Task instructions:
Could you output the whole listing exactly as it stands, minus any images?

Given information:
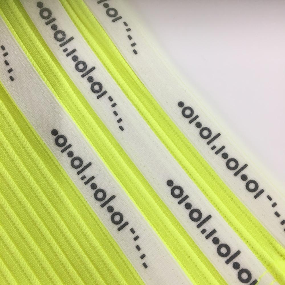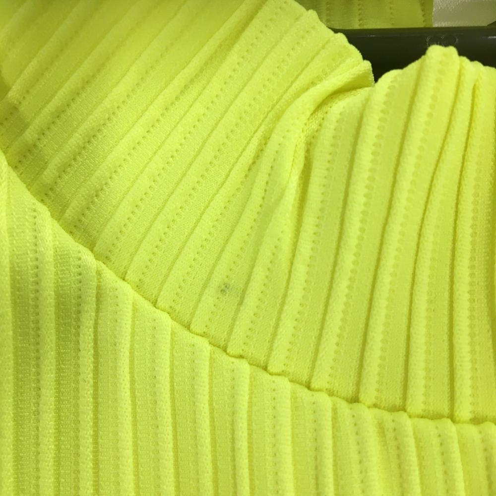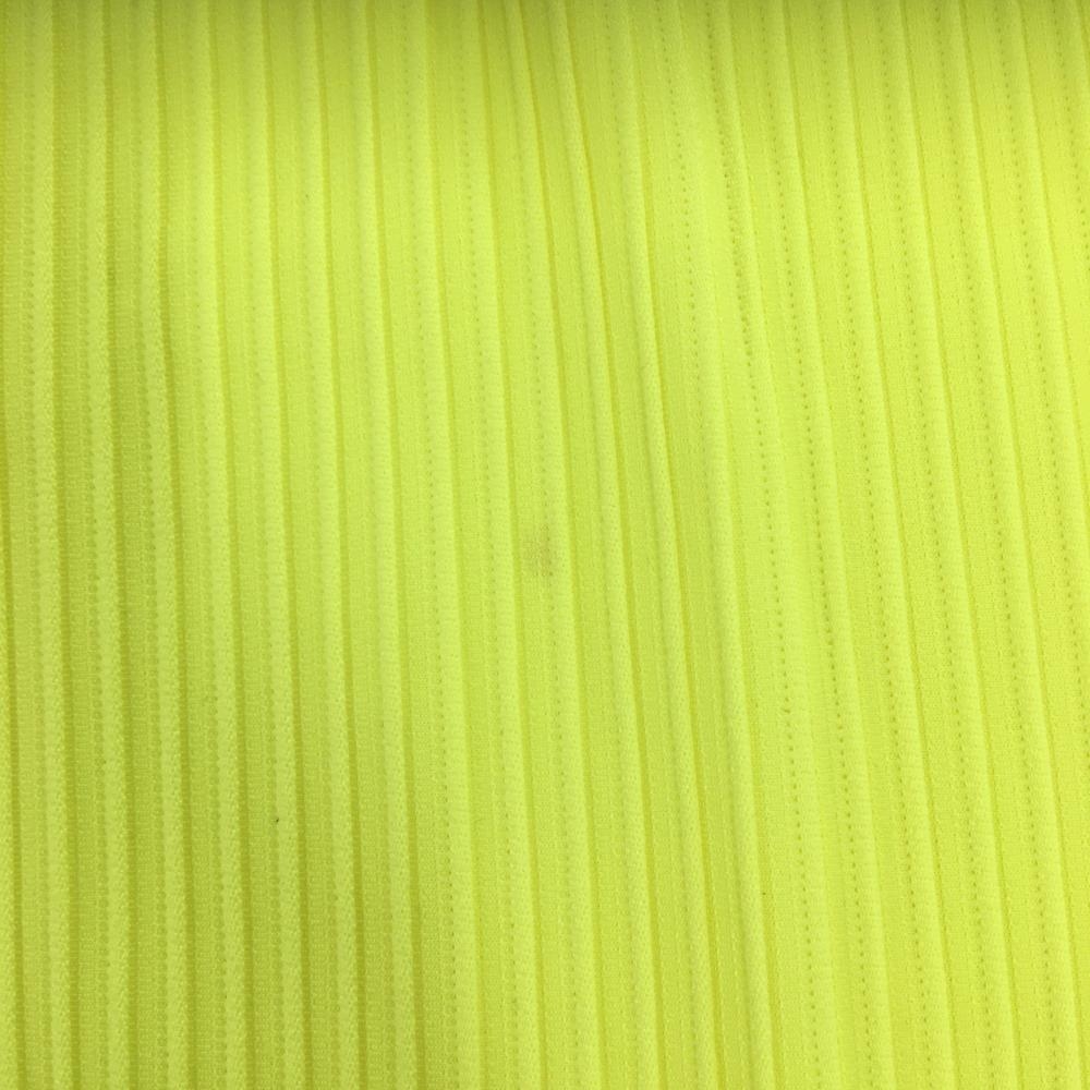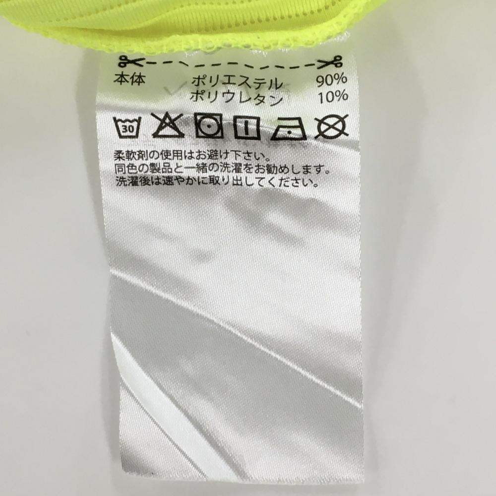 【超美品】アディダス 半袖ハイネックシャツ 蛍光イエロー×白 ストライプ織生地 レディース M ゴルフウェア adidas
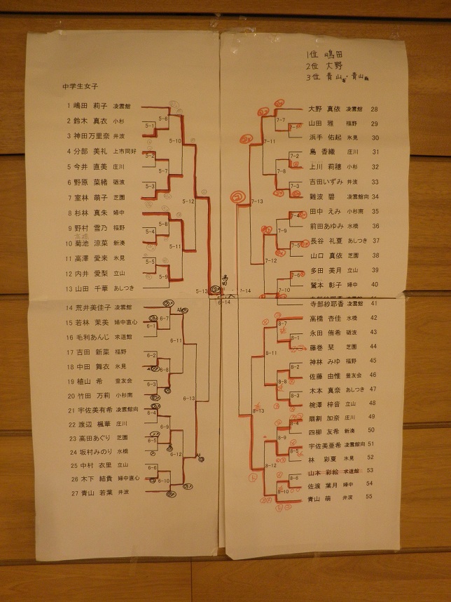| 1回戦 | 神田 | 篠原 | 松川 | 幸山 | 石川 | 2回戦 | 神田 | 篠原 | 松川 | 幸山 | 石川 | 準々決勝 | 宮本 | 福原 | 久保 | 岩田 | 浜谷 | ||||||
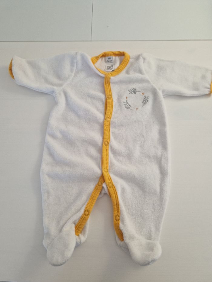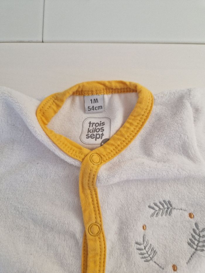 Lot de deux pyjamas bébé de la marque "Trois kilos sept" taille 1 mois soit 54 cm, en velours. Déjà utilisé mais nickel
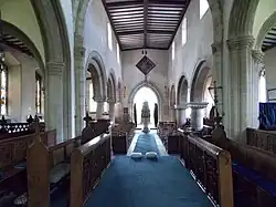 The interior dimensions of the church give the nave and side aisles at 42 feet (13 m), and the chancel and chancel chapels at 38 feet (11.6 m) long. Both the nave and chancel are 18 feet (5.5 m) wide. The north chancel chapel is 16 feet (5 m) wide and the north aisle, 12.5 feet (3.8 m). Both the south chancel chapel and south aisle are 12 feet (3.7 m) wide.[18] Pevsner describes the interior as "sadly scraped"—scraping a typical 19th-century restoration method of cleaning and retooling.
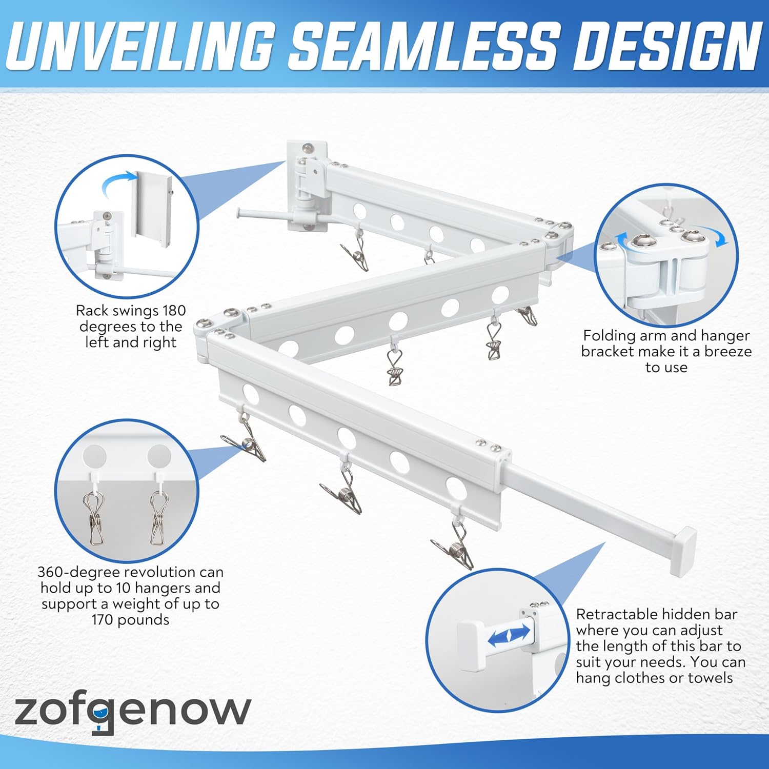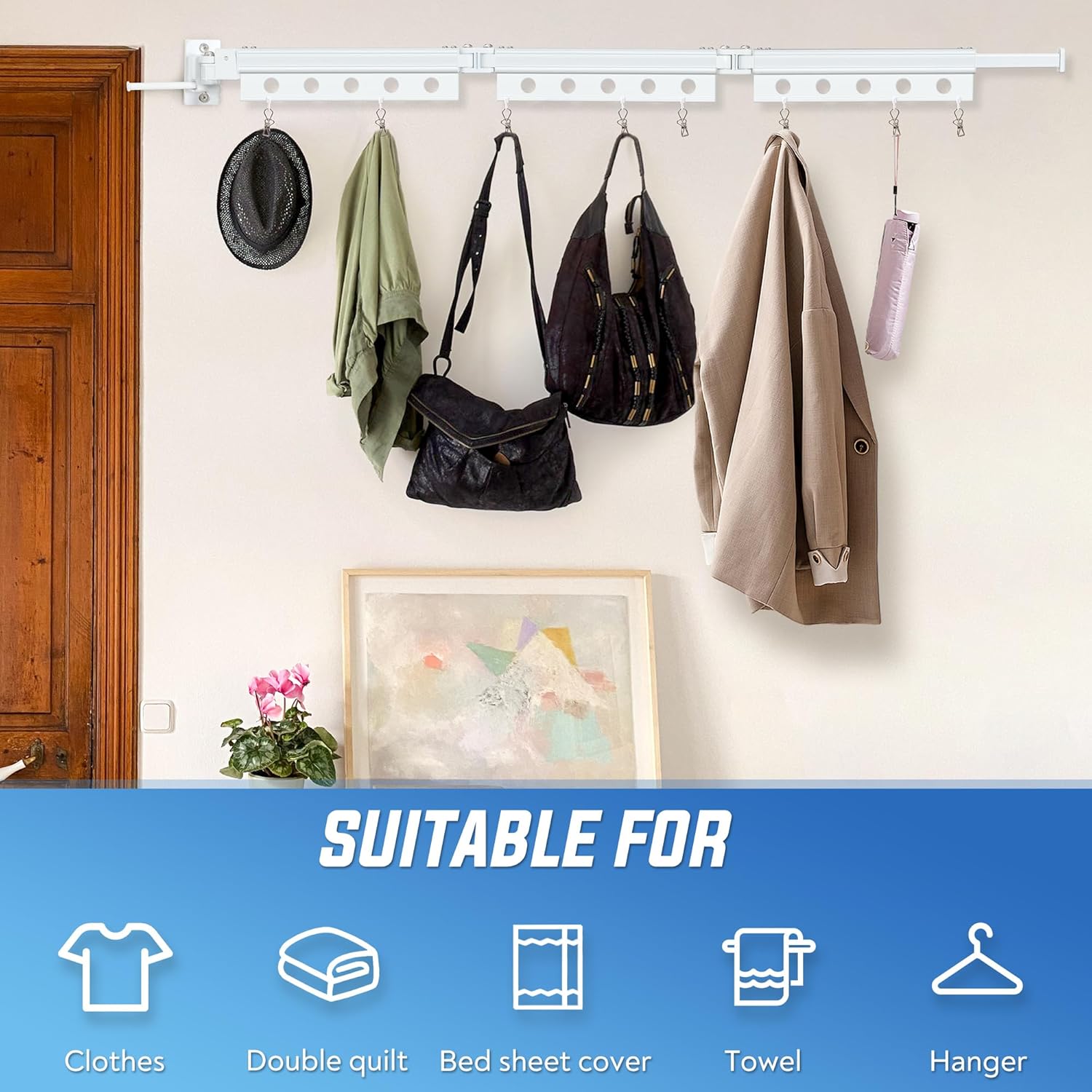 - Wall Mounted Clothes Drying Rack Foldable - 50.2 Inch Maximize Space with 3 Folding Sections and Hidden Telescopic Rod Ideal for Drying Shirts Towels Socks Hats Coats Suits Dresses and More Includes 10 Clothespins Compact Stylish Design for Laundry Room Organization

Response to the task:
 【超美品】アディダス 半袖ハイネックシャツ 蛍光イエロー×白 ストライプ織生地 レディース M ゴルフウェア adidas
| 1回戦 | 神田 | 篠原 | 松川 | 幸山 | 石川 | 2回戦 | 神田 | 篠原 | 松川 | 幸山 | 石川 | 準々決勝 | 宮本 | 福原 | 久保 | 岩田 | 浜谷 | ||||||
 Lot de deux pyjamas bébé de la marque "Trois kilos sept" taille 1 mois soit 54 cm, en velours. Déjà utilisé mais nickel
 The interior dimensions of the church give the nave and side aisles at 42 feet (13 m), and the chancel and chancel chapels at 38 feet (11.6 m) long. Both the nave and chancel are 18 feet (5.5 m) wide. The north chancel chapel is 16 feet (5 m) wide and the north aisle, 12.5 feet (3.8 m). Both the south chancel chapel and south aisle are 12 feet (3.7 m) wide.[18] Pevsner describes the interior as "sadly scraped"—scraping a typical 19th-century restoration method of cleaning and retooling.
 - Wall Mounted Clothes Drying Rack Foldable - 50.2 Inch Maximize Space with 3 Folding Sections and Hidden Telescopic Rod Ideal for Drying Shirts Towels Socks Hats Coats Suits Dresses and More Includes 10 Clothespins Compact Stylish Design for Laundry Room Organization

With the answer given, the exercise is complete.